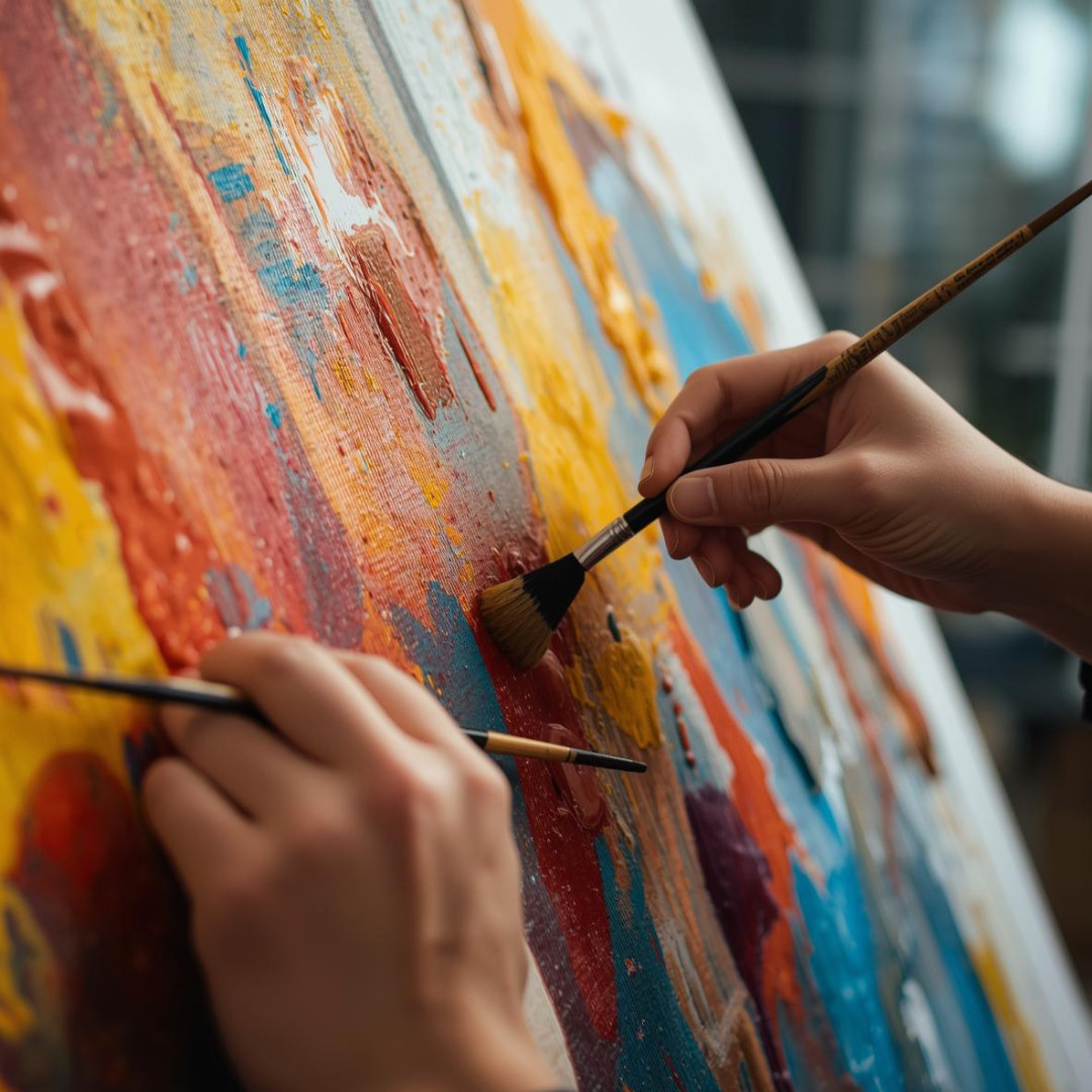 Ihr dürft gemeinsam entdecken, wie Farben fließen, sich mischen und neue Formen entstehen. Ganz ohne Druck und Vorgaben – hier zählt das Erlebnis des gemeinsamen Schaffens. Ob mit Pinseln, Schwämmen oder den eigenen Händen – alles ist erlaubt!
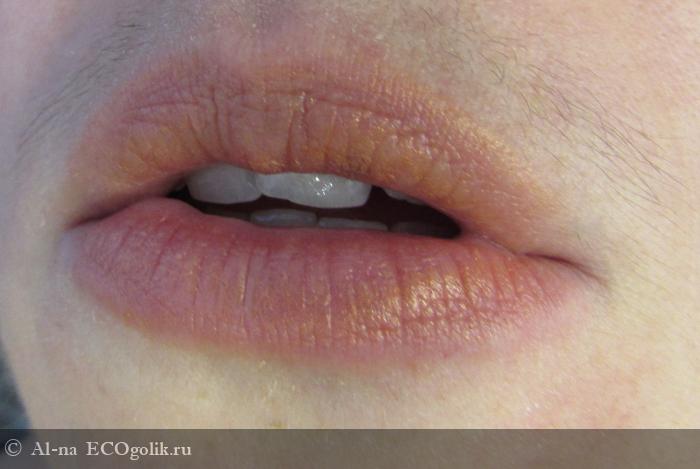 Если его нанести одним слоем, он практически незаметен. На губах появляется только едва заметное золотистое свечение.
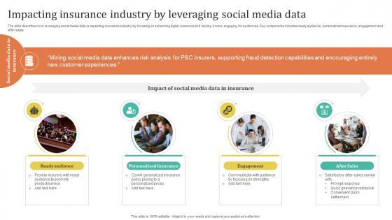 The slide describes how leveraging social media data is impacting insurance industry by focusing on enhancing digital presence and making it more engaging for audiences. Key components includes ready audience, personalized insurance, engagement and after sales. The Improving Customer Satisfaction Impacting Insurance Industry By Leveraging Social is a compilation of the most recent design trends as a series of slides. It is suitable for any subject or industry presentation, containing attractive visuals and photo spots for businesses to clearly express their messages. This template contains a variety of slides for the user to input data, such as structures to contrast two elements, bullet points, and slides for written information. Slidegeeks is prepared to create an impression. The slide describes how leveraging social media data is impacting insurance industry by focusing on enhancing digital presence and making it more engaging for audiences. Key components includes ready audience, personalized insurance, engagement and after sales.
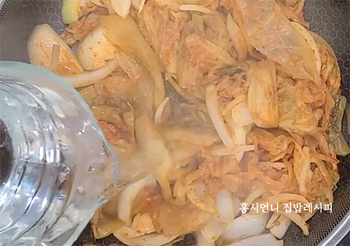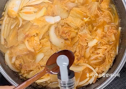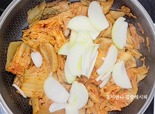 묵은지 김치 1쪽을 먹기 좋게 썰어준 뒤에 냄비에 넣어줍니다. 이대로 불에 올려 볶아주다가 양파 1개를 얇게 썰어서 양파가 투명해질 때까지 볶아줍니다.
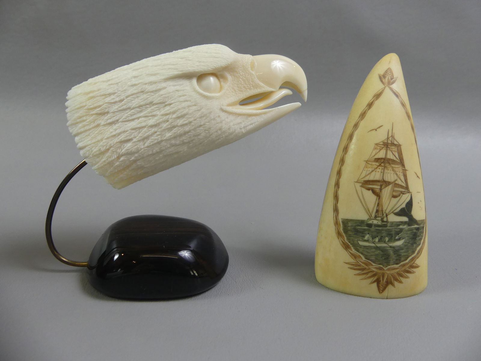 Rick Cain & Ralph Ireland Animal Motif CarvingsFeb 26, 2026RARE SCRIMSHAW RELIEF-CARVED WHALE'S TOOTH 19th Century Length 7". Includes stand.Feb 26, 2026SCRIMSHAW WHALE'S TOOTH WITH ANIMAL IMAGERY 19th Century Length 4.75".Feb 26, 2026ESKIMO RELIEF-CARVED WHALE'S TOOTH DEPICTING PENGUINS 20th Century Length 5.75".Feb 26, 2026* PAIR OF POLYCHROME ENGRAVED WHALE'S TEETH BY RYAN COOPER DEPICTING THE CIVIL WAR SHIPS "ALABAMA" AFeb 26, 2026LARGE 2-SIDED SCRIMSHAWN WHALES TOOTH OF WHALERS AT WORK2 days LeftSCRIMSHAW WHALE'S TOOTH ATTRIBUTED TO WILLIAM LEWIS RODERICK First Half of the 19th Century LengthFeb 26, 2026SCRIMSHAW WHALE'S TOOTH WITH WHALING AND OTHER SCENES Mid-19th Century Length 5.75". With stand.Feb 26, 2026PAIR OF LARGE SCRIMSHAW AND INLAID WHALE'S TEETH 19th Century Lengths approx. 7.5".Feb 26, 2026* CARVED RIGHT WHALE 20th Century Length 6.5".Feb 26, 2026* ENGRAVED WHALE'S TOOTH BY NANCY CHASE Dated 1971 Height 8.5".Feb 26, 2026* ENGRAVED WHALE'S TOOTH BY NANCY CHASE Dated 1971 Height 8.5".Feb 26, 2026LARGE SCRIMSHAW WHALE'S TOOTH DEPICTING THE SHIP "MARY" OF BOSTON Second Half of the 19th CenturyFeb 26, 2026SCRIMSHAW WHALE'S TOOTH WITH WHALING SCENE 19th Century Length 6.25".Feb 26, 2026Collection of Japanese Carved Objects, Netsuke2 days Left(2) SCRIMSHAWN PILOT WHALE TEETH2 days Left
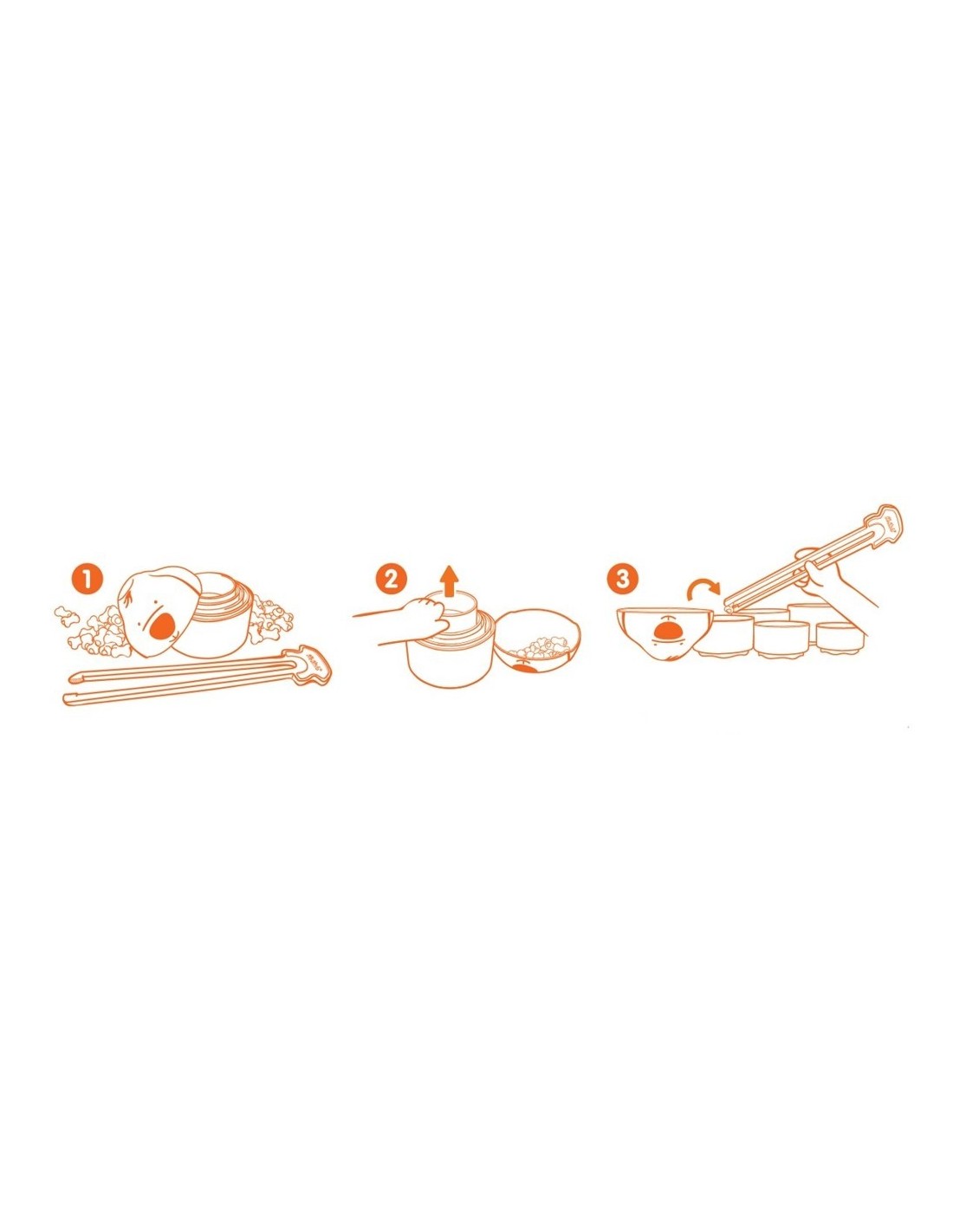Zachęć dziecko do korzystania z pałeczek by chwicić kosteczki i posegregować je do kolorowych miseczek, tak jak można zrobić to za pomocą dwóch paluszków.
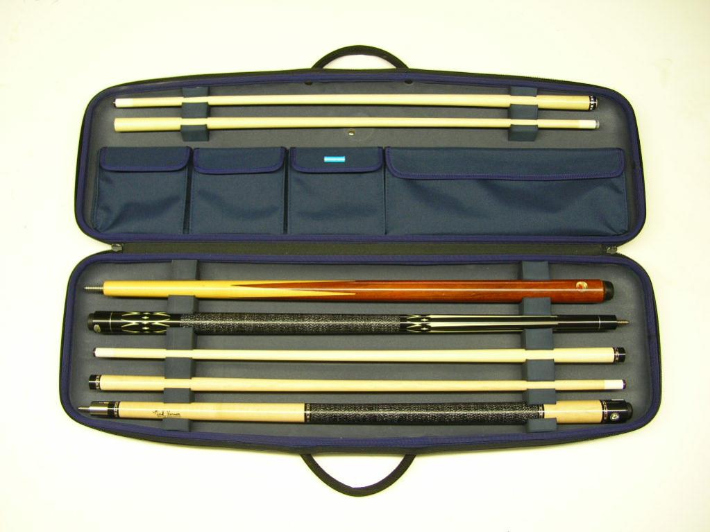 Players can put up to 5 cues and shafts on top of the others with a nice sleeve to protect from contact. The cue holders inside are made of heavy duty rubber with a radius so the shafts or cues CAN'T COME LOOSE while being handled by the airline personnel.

○ ○ ○

» Problem to work on
What you give back must be the data above, reproduced exactly and free of pictures.

» Output for this exercise
 Ihr dürft gemeinsam entdecken, wie Farben fließen, sich mischen und neue Formen entstehen. Ganz ohne Druck und Vorgaben – hier zählt das Erlebnis des gemeinsamen Schaffens. Ob mit Pinseln, Schwämmen oder den eigenen Händen – alles ist erlaubt!
 Если его нанести одним слоем, он практически незаметен. На губах появляется только едва заметное золотистое свечение.
 The slide describes how leveraging social media data is impacting insurance industry by focusing on enhancing digital presence and making it more engaging for audiences. Key components includes ready audience, personalized insurance, engagement and after sales. The Improving Customer Satisfaction Impacting Insurance Industry By Leveraging Social is a compilation of the most recent design trends as a series of slides. It is suitable for any subject or industry presentation, containing attractive visuals and photo spots for businesses to clearly express their messages. This template contains a variety of slides for the user to input data, such as structures to contrast two elements, bullet points, and slides for written information. Slidegeeks is prepared to create an impression. The slide describes how leveraging social media data is impacting insurance industry by focusing on enhancing digital presence and making it more engaging for audiences. Key components includes ready audience, personalized insurance, engagement and after sales.
 묵은지 김치 1쪽을 먹기 좋게 썰어준 뒤에 냄비에 넣어줍니다. 이대로 불에 올려 볶아주다가 양파 1개를 얇게 썰어서 양파가 투명해질 때까지 볶아줍니다.
 Rick Cain & Ralph Ireland Animal Motif CarvingsFeb 26, 2026RARE SCRIMSHAW RELIEF-CARVED WHALE'S TOOTH 19th Century Length 7". Includes stand.Feb 26, 2026SCRIMSHAW WHALE'S TOOTH WITH ANIMAL IMAGERY 19th Century Length 4.75".Feb 26, 2026ESKIMO RELIEF-CARVED WHALE'S TOOTH DEPICTING PENGUINS 20th Century Length 5.75".Feb 26, 2026* PAIR OF POLYCHROME ENGRAVED WHALE'S TEETH BY RYAN COOPER DEPICTING THE CIVIL WAR SHIPS "ALABAMA" AFeb 26, 2026LARGE 2-SIDED SCRIMSHAWN WHALES TOOTH OF WHALERS AT WORK2 days LeftSCRIMSHAW WHALE'S TOOTH ATTRIBUTED TO WILLIAM LEWIS RODERICK First Half of the 19th Century LengthFeb 26, 2026SCRIMSHAW WHALE'S TOOTH WITH WHALING AND OTHER SCENES Mid-19th Century Length 5.75". With stand.Feb 26, 2026PAIR OF LARGE SCRIMSHAW AND INLAID WHALE'S TEETH 19th Century Lengths approx. 7.5".Feb 26, 2026* CARVED RIGHT WHALE 20th Century Length 6.5".Feb 26, 2026* ENGRAVED WHALE'S TOOTH BY NANCY CHASE Dated 1971 Height 8.5".Feb 26, 2026* ENGRAVED WHALE'S TOOTH BY NANCY CHASE Dated 1971 Height 8.5".Feb 26, 2026LARGE SCRIMSHAW WHALE'S TOOTH DEPICTING THE SHIP "MARY" OF BOSTON Second Half of the 19th CenturyFeb 26, 2026SCRIMSHAW WHALE'S TOOTH WITH WHALING SCENE 19th Century Length 6.25".Feb 26, 2026Collection of Japanese Carved Objects, Netsuke2 days Left(2) SCRIMSHAWN PILOT WHALE TEETH2 days Left
Zachęć dziecko do korzystania z pałeczek by chwicić kosteczki i posegregować je do kolorowych miseczek, tak jak można zrobić to za pomocą dwóch paluszków.
 Players can put up to 5 cues and shafts on top of the others with a nice sleeve to protect from contact. The cue holders inside are made of heavy duty rubber with a radius so the shafts or cues CAN'T COME LOOSE while being handled by the airline personnel.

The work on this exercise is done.